The fungus was first collected in Spain by the Austrian explorer and botanist Friedrich Welwitsch. British mycologist Miles Joseph Berkeley obtained the specimens and thought them to be Geastrum fimbriatum. He sent a specimen to the French mycologist Camille Montagne in 1856, who named it Geaster Welwitschii (Geaster is an orthographical variant of Geastrum). Patricio Ponce de León in his 1968 world monograph of Geastrum, considered the species a fornicate variety of G. javanicum, and described it as Geastrum javanicum var. welwitschii; this is now a synonym.

According to Stanek's infrageneric (ranks below the level of genus) concept of the genus Geastrum, G. welwitschii is classified in the section Basimyceliata, which includes species in which the outer part of the mycelial layer do not incorporate sand and encrusting debris. It is further classified in the subsection Laevistomata because its peristome (an opening at the top of the spore sac) is even to fibrillose (with fibrils).

==Description==
The mature fruit body of G. welwitschii is small to medium-sized, with a fornicate spore sac, meaning that the spore sac is raised into the air as the rays press down. Unlike some other earthstar fungi, the mycelial layer does not encrust debris as the fruit body develops. The peristome is even, and has an indistinct boundary. The young fruit bodies just prior to opening are found near the surface of the ground, and are rounded, with or without an umbo, and attached to the substrate with a basal mycelial tuft or cord. The expanded fruit body is small to medium-sized. The fornicate exoperidium (outer peridium) has the upper, arched part (fibrous and pseudoparenchymatous layers) split to about the half-way point or more into 4–7 rays. The mycelial cup is free (only attached at its base), with 4–7 more or less well-developed lobes corresponding to the 4–7 rays. The width of the fruit body is about 20–35 mm, and in height about 40–58 mm (including the 15–20 mm high mycelial cup). The diameter of the exoperidium is about 39–72 mm.

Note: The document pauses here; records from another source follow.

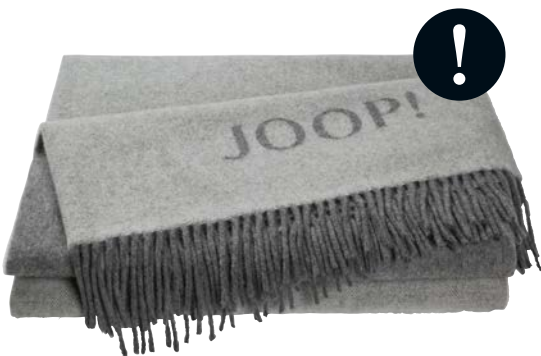
Graphit-Schiefer Art.-Nr. 739834
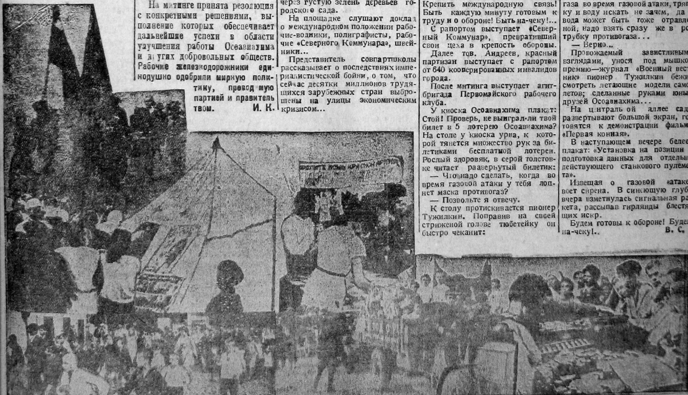
Антивоенный день в Вологде. На снимках: колонны демонстрантов направляются в сад ВРЗ.—На Красной горке у палатки РОКК выбирают книги по военизации.—Колонна Автодора в д. демонстрации.—У столов ЦРК получают печенье и бутерброды.

Будем готовы к обороне! Будем на-чеку!.. В. С.
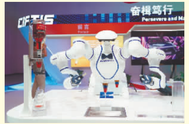
在成就展专区拍摄的一款双臂协作机器人。

2022年中国国际服务贸易交易会于8月31日至9月5日在北京的国家会议中心和首钢园举办。本届服贸会设置中国服务贸易成就展专区,并在多个区域进行成果展示,展现中国服务贸易十年来快速发展的历程和成就贡献。
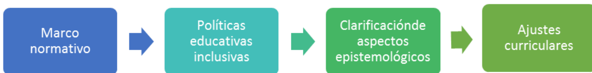
Ilustración 1. Retos de la educación inclusiva.

Partiendo de las ideas presentadas anteriormente señalan la preeminencia de la de adecuar los aspectos medulares identificados a nivel de Latinoamérica y el Caribe, tales como el marco normativo adecuado, políticas y programas educativos, la clarificación epistemológica en relación a la educación inclusiva, la identificación de los grupos considerados como vulnerables y el diseño de un currículum que responda la igualdad de oportunidades y la inclusión entre otros aspectos.
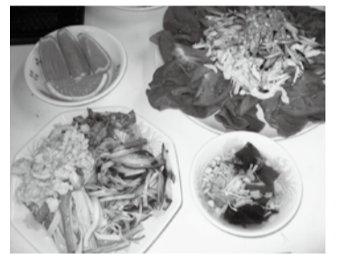
▲男性ならではの豪快な盛り付け
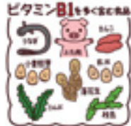
残暑バテ予防に効果的な食品

The pseudoparenchymatous layer (a layer of thin-walled, usually angular, randomly arranged cells that are tightly packed) is initially beige, later brownish, in age dark brown, cracked and if moist reddish brown. The fibrous layer is beige-colored, with its outer side free from the mycelial layer except at the tips of the rays. The mycelial layer has a beige brown to somewhat yellowish-brown, felted to tufted outer surface, darkening to reddish-brown if moist. It is not encrusted with debris, but some debris and sand may adhere. The inner side is smooth, dull to somewhat glossy, and hazelnut brown.

The spore sac is stalked, and roughly spherical, with a diameter of about 8–20 mm. The stalk is short but distinct, up to 1.5 mm high, light beige in color, and sometimes indistinctly developed. The endoperidium (inner peridium) is more or less smooth to the unaided eye, but densely protruding light to grayish-brown hyphal tips are present. The peristome is indistinctly delimited (without distinct boundaries), and the mouth area fibrillose. The columella is not well-developed, and broadly club-shaped to columnar; in cross-section it is whitish to pale beige. The mature gleba is brown and powdery.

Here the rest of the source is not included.